Newsom's office said those measures were imposed to protect worshippers from getting infected.
"We will continue to enforce the restrictions the Supreme Court left in place and, after reviewing the decision, we will issue revised guidelines for worship services to continue to protect the lives of Californians," the governor's press secretary, Daniel Lopez, said in a statement.
Justice Barrett's First Signed Opinion
The justices were acting on emergency requests to halt the restrictions from South Bay United Pentecostal Church in Chula Vista and Pasadena-based Harvest Rock Church and Harvest International Ministry, which has more than 160 churches across the state.
The court's newest justice, Amy Coney Barrett, said in her first signed opinion that it was up to churches to demonstrate that they were entitled to relief from the singing ban. Writing for herself and Justice Brett Kavanaugh, she said it wasn't clear at this point whether the singing ban was being applied "across the board."
Pastor Art Hodges of the South Bay United Pentecostal Church told KNSD-TV he was just relieved that churches would be legally allowed to meet again.
You can go to your house of worship, as of now! You can go back to church, we're excited about that," he said.
The church has defied state orders since last May by holding service indoors while following COVID-19 safety protocols, Hodges said. He said he was thankful to hold services on Sunday "without any pressure or threat or concern" and added that the 25% attendance limit will make him add two or three more services to accommodate church members.
"It at least allows us some wiggle room to operate," he said.
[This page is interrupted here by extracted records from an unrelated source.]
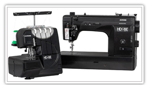
Perfect companion for HD9BE Professional Machine
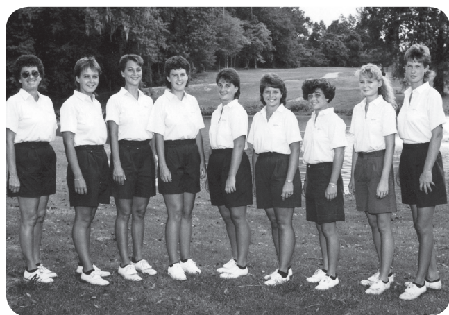
The 1987 team successfully defended its SEC Championship Title with a two-stroke victory to earn back-to-back conference titles.
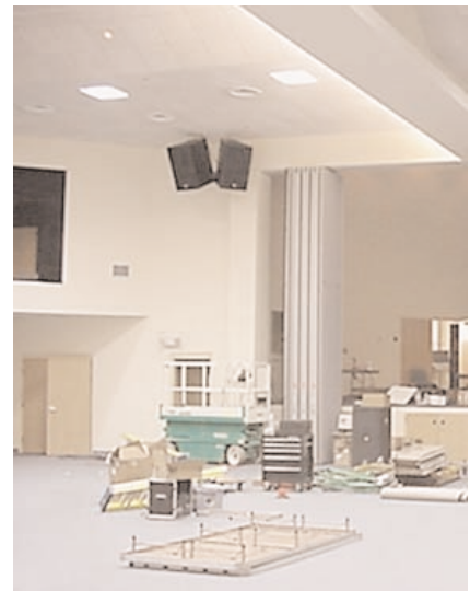
House left during installation
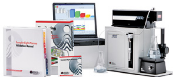
Figure 1 APSS 200 Sampler System with Validatin Documentation

measurements of 50 \mu\text{m} or larger can be detected by visual inspection. To detect particles less than 50 \mu\text{m} an APSS 200 particle counting system is recommended. International limits apply to the number of particles which can be present in parenteral formulations (USP Test Section <788>).
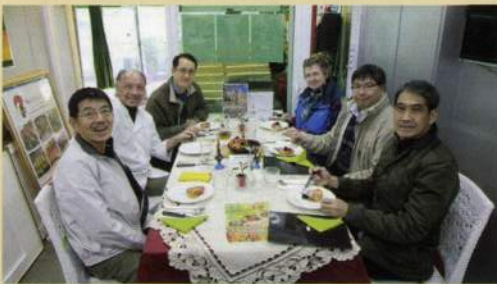
✦ Judging Panel (right)
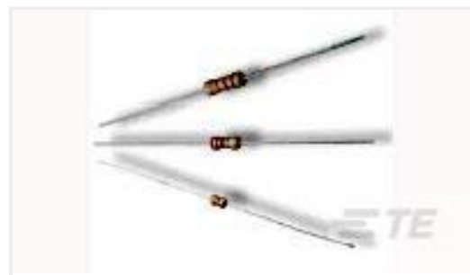
TE Part # 2-1623929-2 CFR200 5% 22K
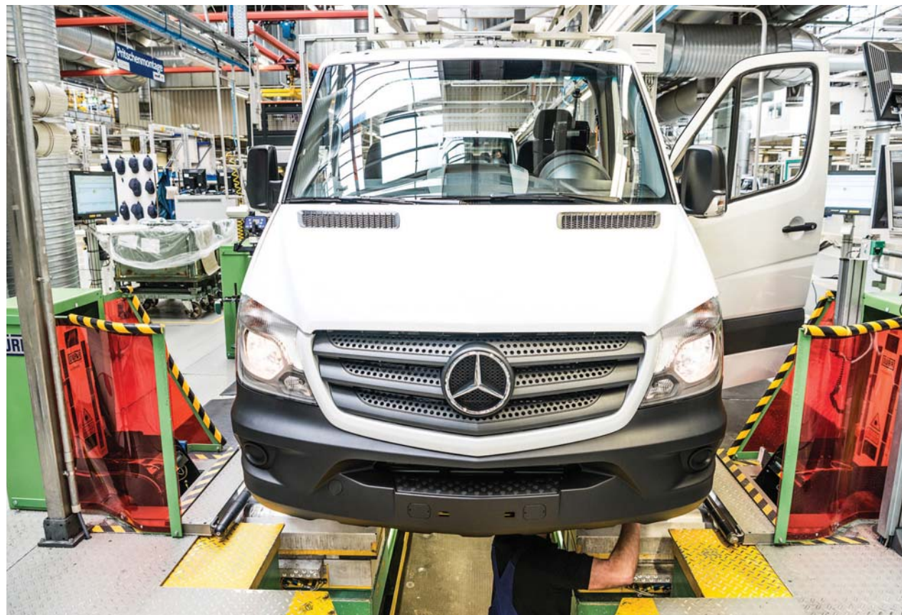
While employees are inspecting vehicles, readers above the test bench are automatically inspecting whether every part with an RFID tag has been installed in the right vehicle

Side view mirrors actually tend to be standard products with little variation. One might think

Some Churches Will Keep Fighting for Right to Worship with Singing
Some churches opened their doors to worshippers on Sunday following the governor's announcement.
"This morning we declare that this house will be a house of freedom," announced Pastor Brittany Koopman at Harvest Rock Church near Los Angeles, one of the churches that sued the state over the ban. She led a socially distanced indoor crowd in prayer before Sunday's service, which was also streamed online.
Che Ahn, Harvest Rock's senior pastor, told his congregation that the church would defy the ban on singing.
"Fifty percent of worship is singing. We're gonna sing no matter what," Ahn said at the beginning of the service Sunday. He thanked the Supreme Court and said his lawyers would continue to petition for the right to sing during indoor services. The church argued the state was unfairly restricting churches while allowing the entertainment industry to film TV singing competitions.
Ahn called the state rules "draconian" and urged his congregants to sign a petition to recall Gov. Gavin Newsom.
Other places of worship decided it might be best to wait.
The head of Grace Cathedral in San Francisco said the Supreme Court was "not doing anyone a favor" by lifting the ban.
"We're trying to follow the science and we're trying to be patient," Dean Malcolm Clemens Young told the San Francisco Chronicle.
The Archdiocese of Los Angeles, the largest of its kind in the U.S. with more than five million Catholics, cautiously advised "parishes who choose to return" to indoor worship to follow the singing and room-capacity rules, in addition to requiring physical distancing and face masks.
"The Archdiocese of Los Angeles is gratified by the Supreme Court's decision to allow indoor worship services," it said in a statement.